The experimental results validate the advantages of integrating the Urdhva Tiryakbhayam algorithm with modern VLSI design methodologies. Compared to conventional multipliers, the proposed architecture achieves improved speed while maintaining efficient area and power characteristics.

The hierarchical and modular design approach enhances scalability and simplifies verification and physical implementation. The results confirm that Vedic Mathematics-based algorithms can be effectively employed in contemporary VLSI systems to meet the growing demand for high-speed and energy-efficient arithmetic units.



Fig. 6: Physical Layout of the 64-bit Urdhva Tiryakbhayam Multiplier

**V. CONCLUSION AND FUTURE WORK**

This paper presented the design and VLSI implementation of a 64-bit multiplier based on the Urdhva Tiryakbhayam Sutra of Vedic Mathematics. The proposed architecture exploits the inherent parallelism of the UT algorithm to achieve high-speed multiplication while maintaining efficient power consumption and area utilization. A hierarchical and modular design approach was adopted to enhance scalability and simplify verification.

The multiplier was modeled using Verilog HDL and verified through extensive functional simulation. Synthesis and physical implementation results demonstrated that the proposed UT-based multiplier outperforms conventional multiplier architectures in terms of propagation delay while maintaining competitive area and power characteristics. The experimental results confirm that the UT algorithm is well suited for large- bit-width arithmetic operations in modern VLSI systems.

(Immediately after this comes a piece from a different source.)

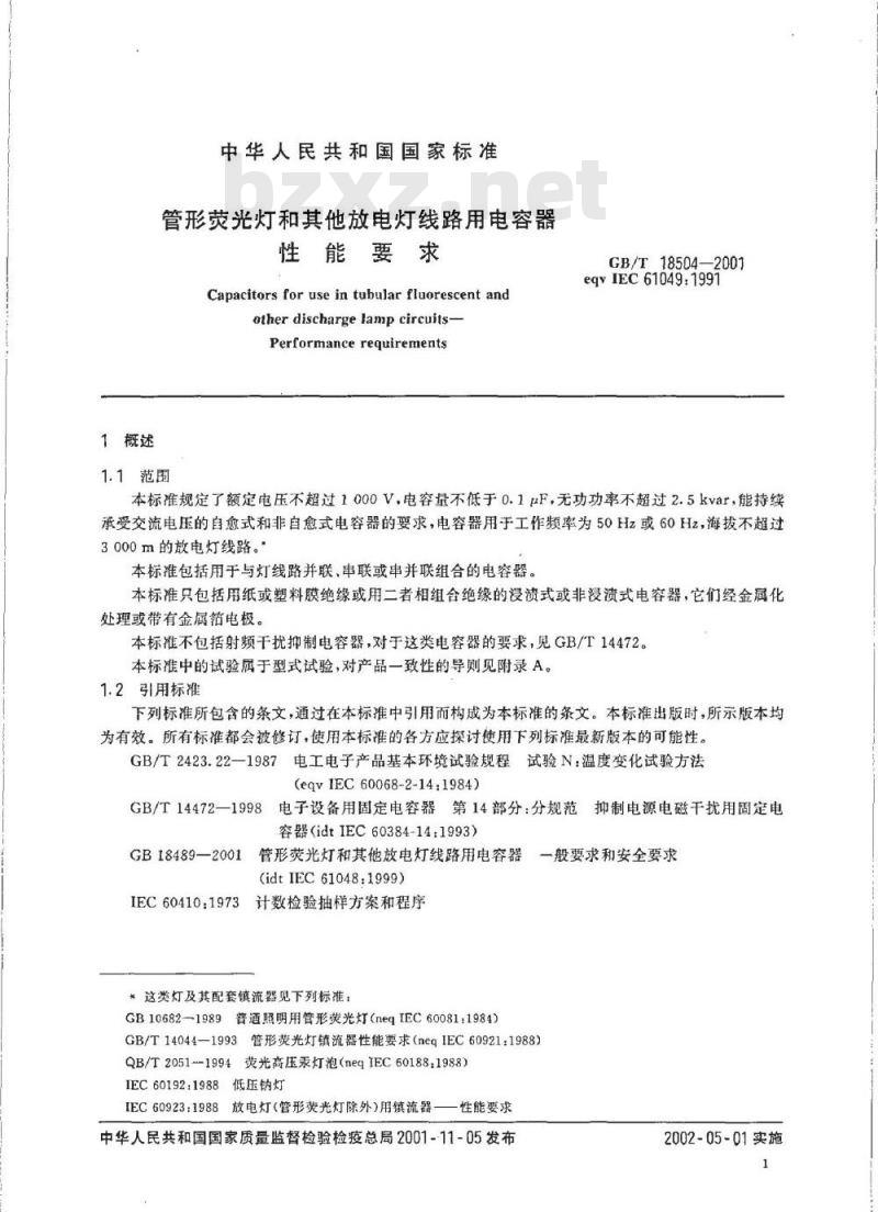 本标准规定了额定电压不超过1000V,电容量不低于0.1μF,无功功率不超过2.5lvar,能持续承受交流电压的自愈式和非自愈式电容器的要求,电容器用于工作频率为50Hz或60Hz,海拔不超过3000m的放电灯线路。本标准包括用于与灯线路并联、串联或串并联组合的电容器。本标准只包括用纸或塑料膜绝缘或用二者相组合绝缘的浸渍式或非浸渍式电容器,它们经金属化处理或带有金属箔电极。本标准不包括射频干扰抑制电容器,对于这类电容器的要求,见GB/T 14472。本标准中的试验属于型式试验,对产品一致性的导则见附录A。 GB/T 18504-2001 管形荧光灯和其他放电灯线路用电容器性能要求 GB/T18504-2001

The successful integration of ancient mathematical principles with contemporary VLSI design methodologies highlights the practical viability of Vedic Mathematics-based arithmetic circuits. Future work may focus on further optimization techniques such as pipelining, clock gating, and power-aware design strategies, as well as extending the architecture for FPGA and ASIC-based implementations.

**REFERENCES**

- [1]. More, T.V. and Panat, A.R., FPGA Implementation of FFT Processor Using Vedic Algorithm. In 2013 IEEE International Conference on Computational Intelligence and Computing Research (pp. 1-5). IEEE, December 2013.
- [2]. V. Nandhini, "Implementation of Normal Urdhva Tiryakbhayam Multiplier in VLSI," 2017.
- [3]. P. S. Aswale, "Multiplier Design Using Vedic Mathematics," 2017.
- [4]. V. G. Sarashetti, "Signed 32-bit Vedic Multiplier Using Urdhva Tiryakbhayam Sutra," 2021.
- [5]. T. V. More and A. R. Panat, "FPGA Implementation of FFT Processor Using Vedic Algorithm," IEEE, 2013.
- [6]. Anjana, R., Abishna, B., Harshitha, M.S., Abhishek, E., Ravichandra, V., and Suma, M.S., Implementation of Vedic Multiplier Using Kogge-Stone Adder. In 2014 International Conference on Embedded Systems (ICES), pp. 28-31, IEEE, July 2014.
- [7]. Sangani, H., Modi, T.M., and Bhaaskaran, V.K., Low Power Vedic Multiplier Using Energy Recovery Logic. In 2014 International Conference on Advances in Computing, Communications and Informatics (ICACCI), pp. 640-644, IEEE, September 2014.